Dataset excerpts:
——

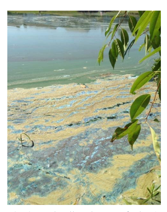
Grant County Anabaena bloom.
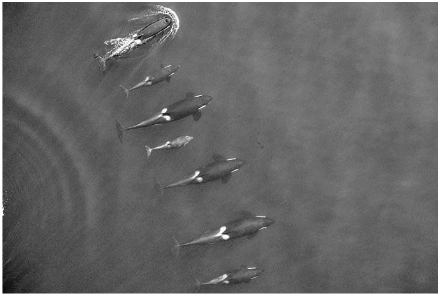
Figure 2. A drone's view of a family of orcas in the Pacific Northwest.

Here's some more new technology. This is from drones. 82
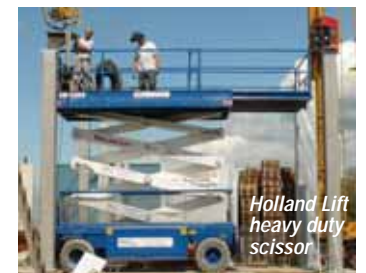
Holland Lift heavy duty scissor

Russon is the UK distributor for Holland Lift and will show a number of the heavy duty scissor lifts, including at least one model from its new Ecostar high-narrow ranges. The company will also show its manually powered Power Scissor and Power Step.
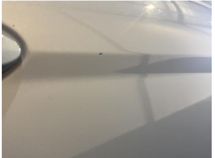
16: Door osr Chipped 1 To 5
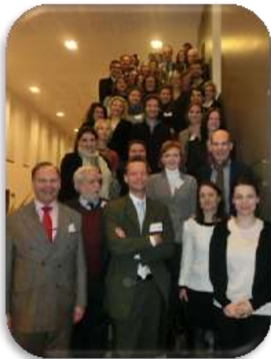
YEA Expert – Annual Training Seminar

Topics of enquiries typically handled by Your Europe advice are social security (questions about pension rights, family benefits, unemployment benefits), vehicles (registering or buying a car in another EU country, driving licences), visas (Schengen and other visas for people from outside the EU), residence (the right to live in another EU country, and what formalities are involved), work (recognition of professional qualifications and diplomas, people sent to work abroad), and taxes (finding out in which country you have to pay taxes).
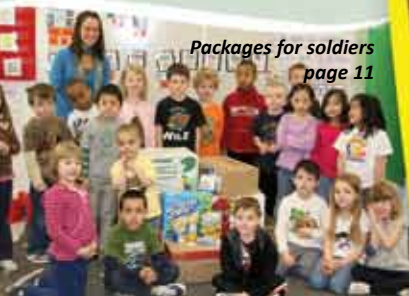
Packages for soldiers page 11
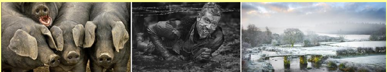
Award Winners in the 2012 GB Cup Small Clubs

Last chance to view the Inter-Federation Print Exhibition 2012 > The Turnpike Gallery, in Leigh – now until the 20th of December http://www.wlct.org/Arts-and-Festivals/turnpike-gallery/turnpike-gallery.htm
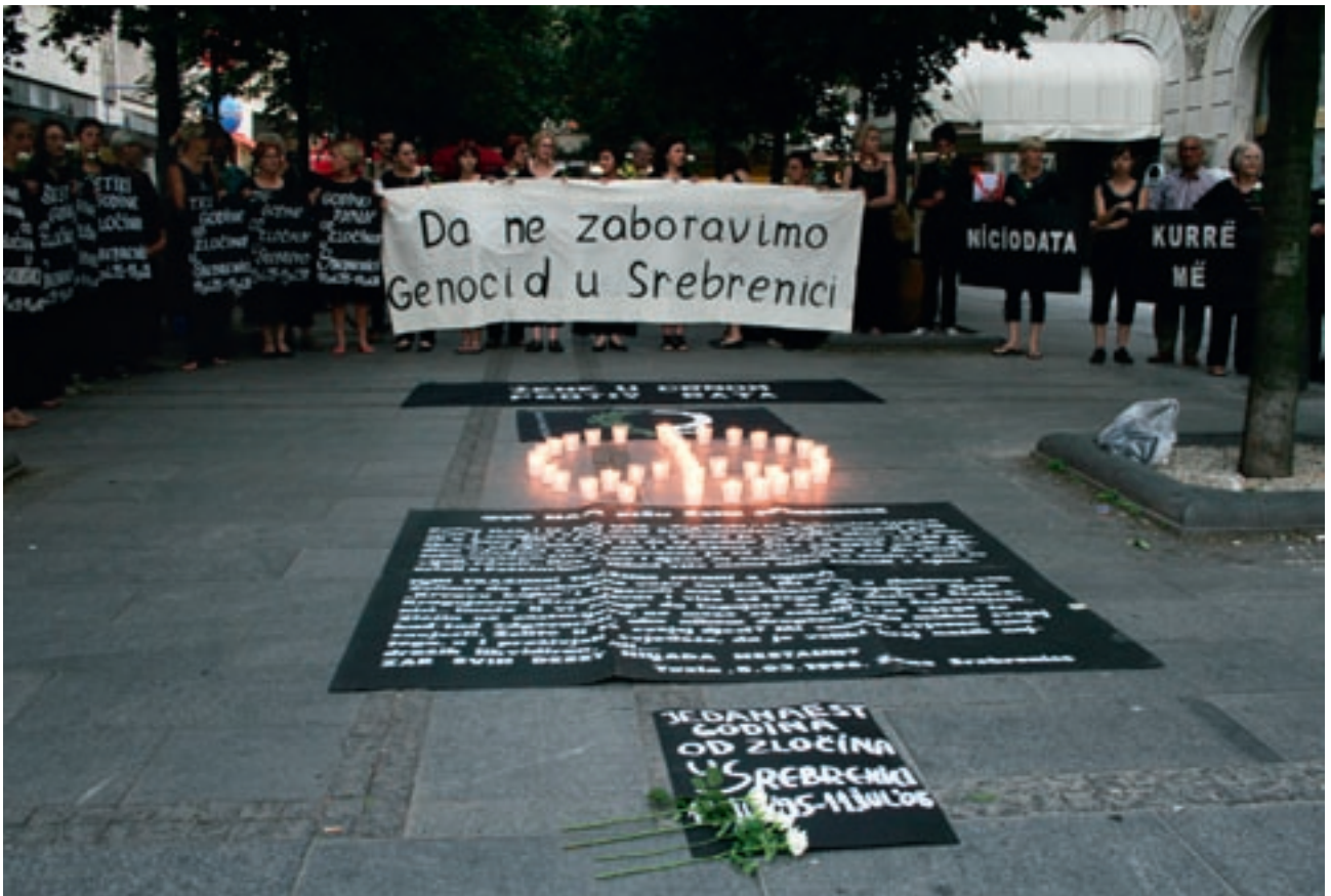
Demonstration by the Women in Black

feminist initiatives in the other countries of Southeastern Europe, the group has for many years acted as a bridge across the former frontlines.

——

**WHAT THIS TASK INVOLVES**
For every entry above, please output the text exactly and leave any picture behind.

**YOUR SOLUTION**
Grant County Anabaena bloom.
Figure 2. A drone's view of a family of orcas in the Pacific Northwest.

Here's some more new technology. This is from drones. 82
Holland Lift heavy duty scissor

Russon is the UK distributor for Holland Lift and will show a number of the heavy duty scissor lifts, including at least one model from its new Ecostar high-narrow ranges. The company will also show its manually powered Power Scissor and Power Step.
16: Door osr Chipped 1 To 5
YEA Expert – Annual Training Seminar

Topics of enquiries typically handled by Your Europe advice are social security (questions about pension rights, family benefits, unemployment benefits), vehicles (registering or buying a car in another EU country, driving licences), visas (Schengen and other visas for people from outside the EU), residence (the right to live in another EU country, and what formalities are involved), work (recognition of professional qualifications and diplomas, people sent to work abroad), and taxes (finding out in which country you have to pay taxes).
Packages for soldiers page 11
Award Winners in the 2012 GB Cup Small Clubs

Last chance to view the Inter-Federation Print Exhibition 2012 > The Turnpike Gallery, in Leigh – now until the 20th of December http://www.wlct.org/Arts-and-Festivals/turnpike-gallery/turnpike-gallery.htm
Demonstration by the Women in Black

feminist initiatives in the other countries of Southeastern Europe, the group has for many years acted as a bridge across the former frontlines.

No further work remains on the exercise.